Extended Data Figure 2 d53 mutation behaves in a semi-dominant manner.
a, b, Comparison of wild type, heterozygous (F1) and homozygous d53 plants at the heading stage (a), flag leaf (b), cross section of the first internode (c), panicle (d), plant height (e), tiller number (f) and diameter of the third internode (g). Scale bars, 20 cm (a), 5 cm (b, d) and 500 μm (c). For e–g, each value represents the mean ± s.d. (n = 25). h, Segregation of F2 progeny from a self-pollinated F1 plant (d53 × Norin 8).
Extended Data Figure 3 d53 is insensitive to GR24 treatment and confers enhanced tillering-promoting activity.
a, Response of 5-week-old wild type, d53, d14 and d27 to the application of 1 μM GR24. b, Tiller bud length of 2-week-old wild type, d53, d14 and d27 seedling treated with (+) or without (−) 1 μM GR24. Data are means + s.d. (n = 10). ND, not detected. c, Numbers of tillers showing outgrowth (>2 mm) for 5-week-old wild type, d53, d14 and d27 plants treated with (+) or without (−) 1 μM GR24. Data are means ± s.d. (n = 10). Asterisks in c denote significant differences between treated and untreated samples within the same genotype (two tailed Mann–Whitney U test, P < 0.01; NS, not significant). d, D53 RNAi transgenic plants exhibit reduced tillering in the d53 mutant background. d53Vec., d53 transformed with the pCUbi1390-ΔFAD2 control. e, Tiller number of RNAi transgenic lines in d at the tillering stage. Each value represents the mean ± s.d. of six plants (T1 generation). L4, L10 and L11 represent three independent lines. The t-test analysis indicated a significant difference (compared with vector control, **P < 0.01). Scale bars, 20 cm (a), 10 cm (d).

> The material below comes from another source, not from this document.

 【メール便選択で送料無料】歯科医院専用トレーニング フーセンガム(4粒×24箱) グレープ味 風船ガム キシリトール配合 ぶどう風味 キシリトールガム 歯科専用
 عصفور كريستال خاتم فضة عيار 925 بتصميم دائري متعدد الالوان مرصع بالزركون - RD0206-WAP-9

Extended Data Figure 4 Phylogenetic analysis of D53 protein.
Using the D53 protein sequence as the query in tBLASTn searches, homologues were identified from different organisms with a permissive cutoff E value of 1 × 10−3. The sequences chosen from representative genomes were aligned and used to generate the neighbour-joining phylogenetic tree with 1,000 bootstrap replicates. The clade names were given on the basis of known sequences in each clade, which is supported by a bootstrap value > 85.
Extended Data Figure 5 Multiple sequence alignment of the deduced amino acid sequence of D53 with its homologues.

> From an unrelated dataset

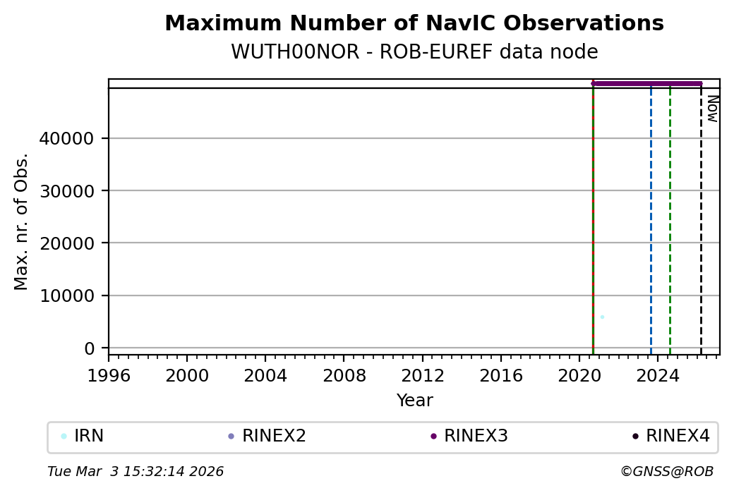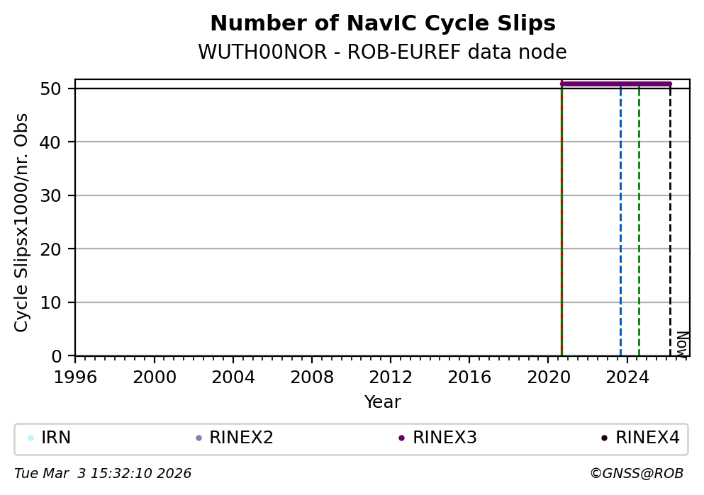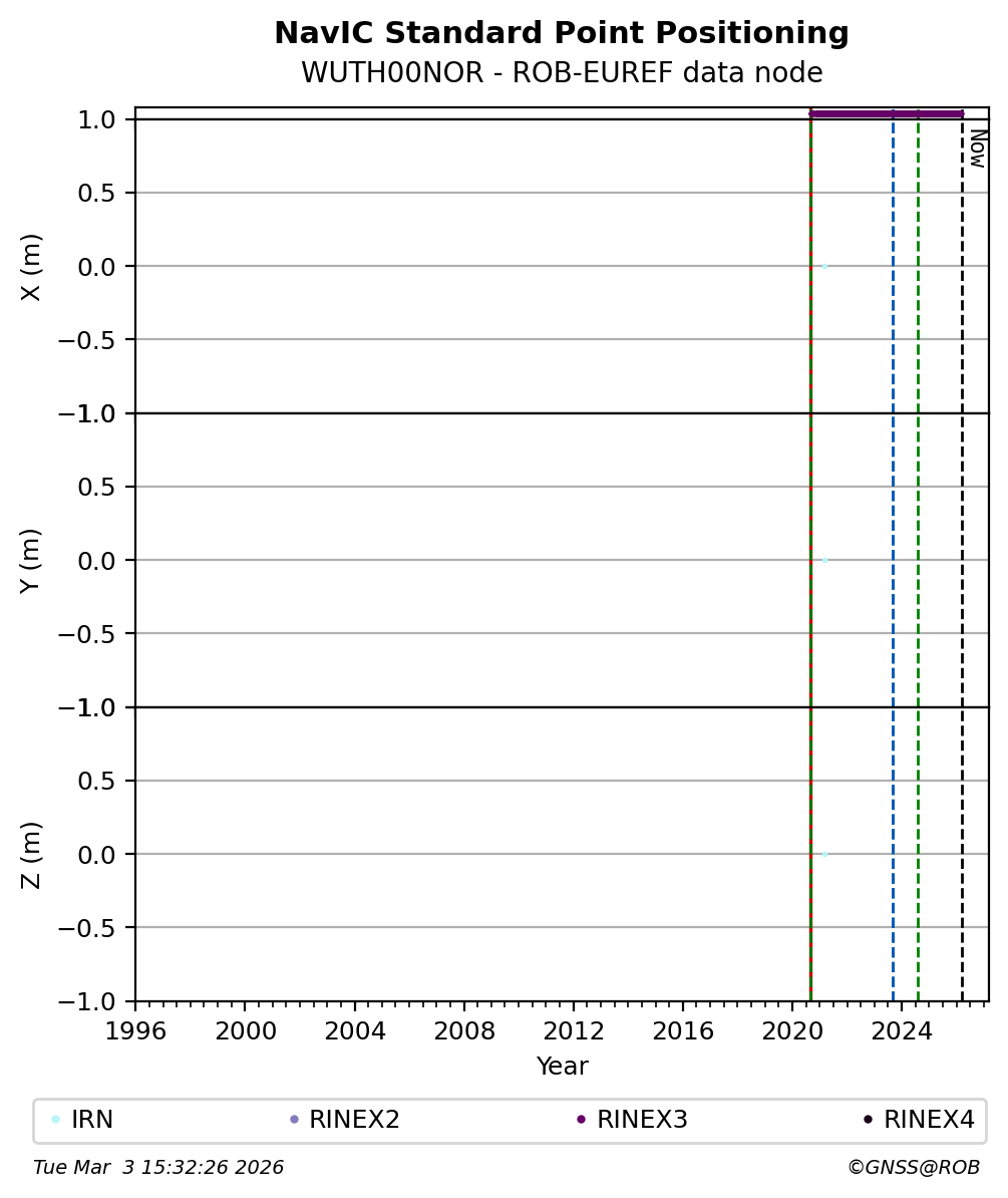 The plots below present the long-term tracking performance of the EPOS-GNSS station WUTH00NOR based on the daily RINEX data available from the ROB-EUREF EPOS-GNSS data node. The data quality metrics have been computed at the data node using the G-Nut/Anubis software.

D53 protein is predicted to contain an N-terminal domain, a D1 ATPase domain, an M domain and a D2 ATPase domain (http://toolkit.tuebingen.mpg.de/hhpred). The beginning and ending sites of each domain are indicated above the sequences. The predicted Walker A (P-loop) and Walker B motifs are shown in red boxes in the D1 domain and green boxes in the D2 domain, respectively. Note that the deletion of five amino acids in the D2 domain of d53 protein overlaps with the GYVG loop in ClpC. The conserved putative EAR motif in D53 and ClpP-binding loop in ClpC are also shown. The sequences used for alignment are D53 (Oryza sativa, LOC_Os11g01330), D53-like (Oryza sativa, LOC_Os12g01360), SMXL6 (Arabidopsis, At1g07200), SMXL7 (Arabidopsis, At2g29970) and ClpC (Bacillus subtilis, GI: 16077154).
Extended Data Figure 6 Histochemical staining of the pD53::GUS reporter gene and subcellular localization of D53 protein.

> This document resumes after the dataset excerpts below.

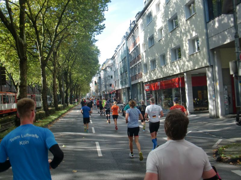 Noch eine letzte Schleife in die Außenbereiche. Nippes wartet auf uns, da entscheidet sich das heutige Rennen. Ab den 30ern geht es immer ans eingemachte. |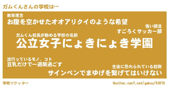 | 意味不明あだ名 | 『ペロリンガムくん』『永久保存ガムくん』 |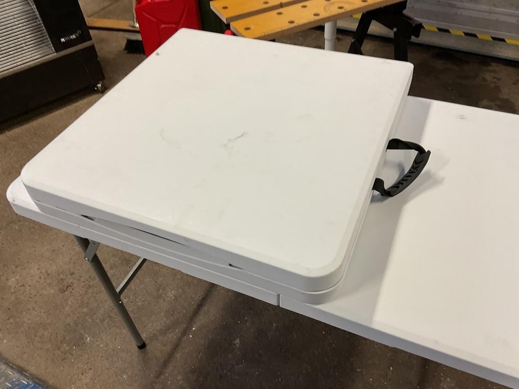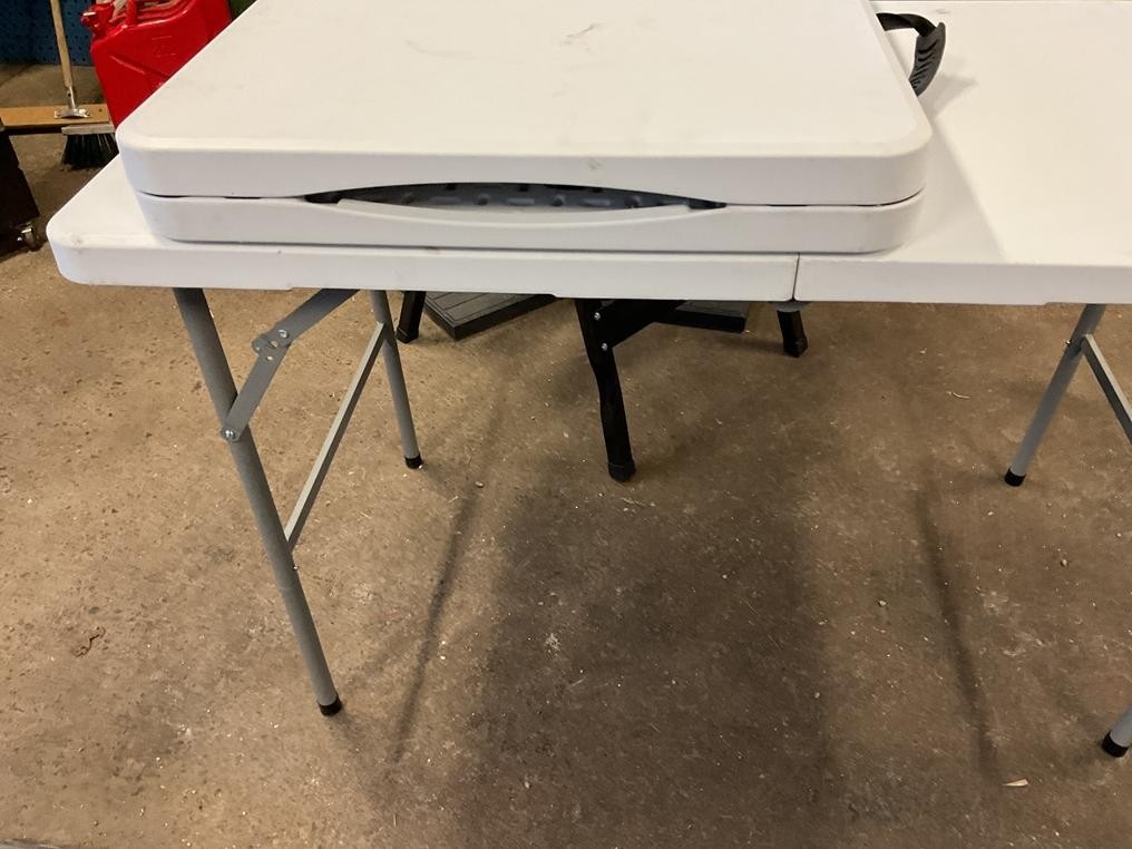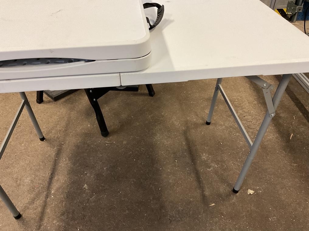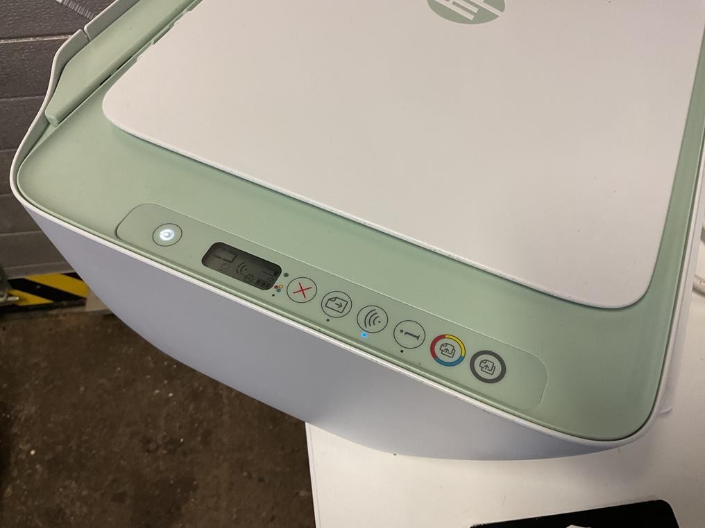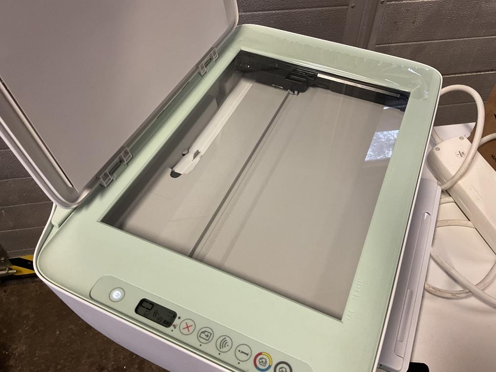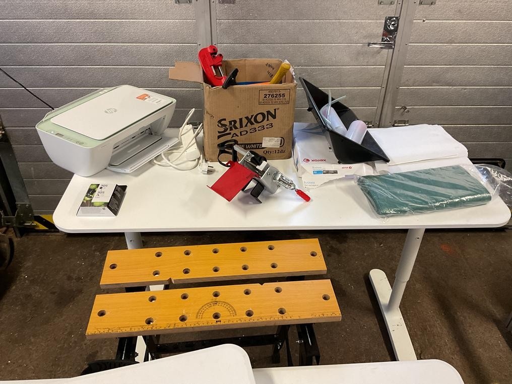 Myyntikohteet » 1. Golfway Oy:n konkurssipesä, NOUTO FORSSA (3360882-1), 26.01.2026 » 24. Tulostin HP DeskJet 2722e, valkoinen pöytä + pöydällä olevat tarvikkeet, taittopöydät 2 kappaletta, työtaso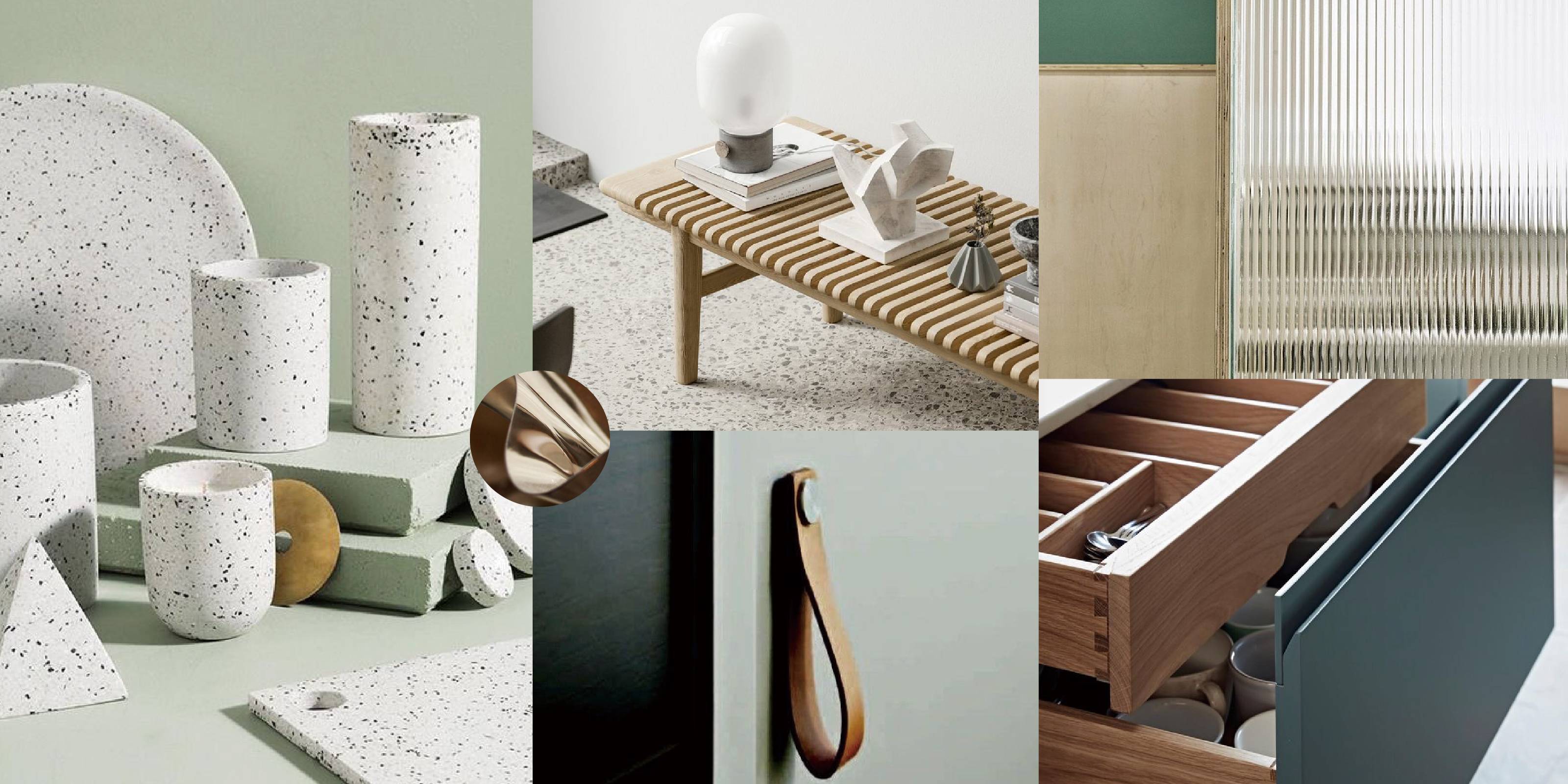 Main Materials: Stainless Steel, Wood Veneer, Terrazzo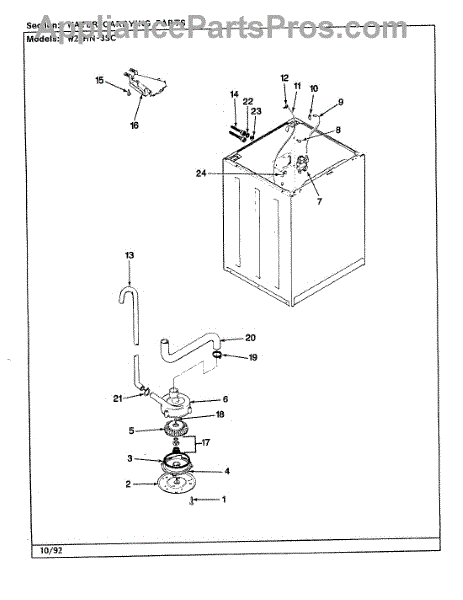 The Washer Tub to Pump Hose is an OEM part for Whirlpool washing machines. This hose connects the washer tub to the drain pump, facilitating the proper drainage of water from the tub during the wash and spin cycles.

a–h, Histochemical staining of young root (a), shoot (b), leaf (c), leaf sheath (d), panicle (e), transverse section of the leaf sheath (f), stem (g) and node (h). Scale bars, 1 mm (a, b, c, d, f, h), 1 cm (e), 100 μm (g). i–l, Subcellular localization of D53–GFP fusion protein in rice protoplast cells. A nuclear marker protein, OsMADS3, fused with mCherry, was used as a positive control. Scale bars, 5 μm. m–p, Confocal scanning images showing nuclear localization of the D53–GFP fusion protein in transgenic root cells. Scale bars, 100 μm.
Extended Data Figure 7 Mapping of the D14-binding domain of D53.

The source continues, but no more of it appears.